YOUR ASSIGNMENT — Quote these lines exactly: the one that holds "洗える ストライプ柄フランネルキルトラグ 200cm×200cm" and every line after it to the end of the material below. Skip pictures.

====== GIVEN DATA

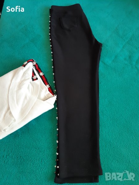 И спортно-елегантен панталон с декоративни перли-кант.Широк ластик колан,права кройка.Дължина:92.5см с колана,колан-5.5см,ластик свободен доста,талия паднала:38см.Еластичен плътен плат. отзад 2 малки джобчета.
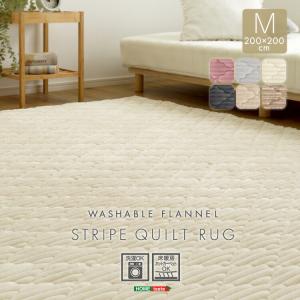 洗える ストライプ柄フランネルキルトラグ 200cm×200cm
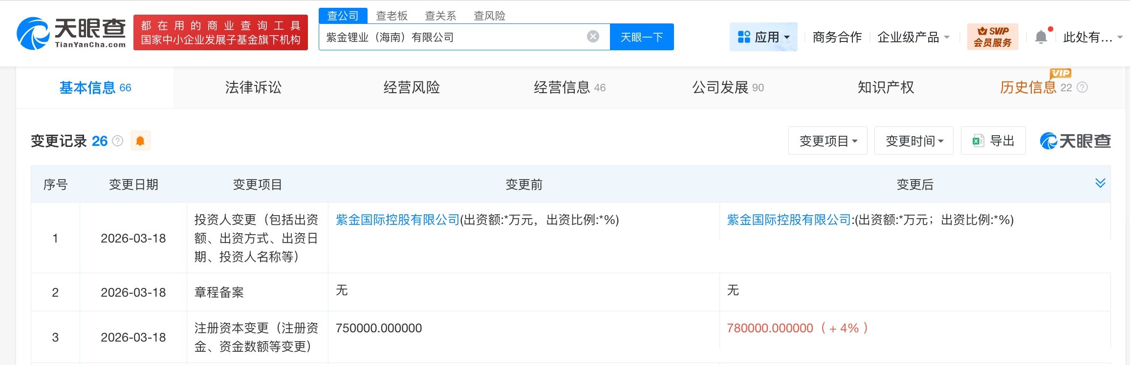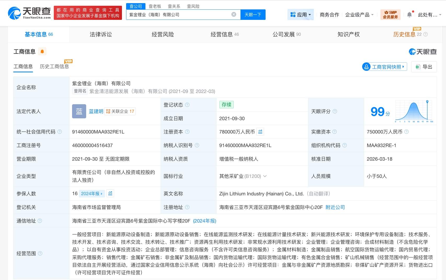 天眼查App显示,近日,紫金锂业(海南)有限公司发生工商变更,注册资本由75亿人民币增至78亿人民币。

============

RESPONSE TO THE TASK —
 洗える ストライプ柄フランネルキルトラグ 200cm×200cm
 天眼查App显示,近日,紫金锂业(海南)有限公司发生工商变更,注册资本由75亿人民币增至78亿人民币。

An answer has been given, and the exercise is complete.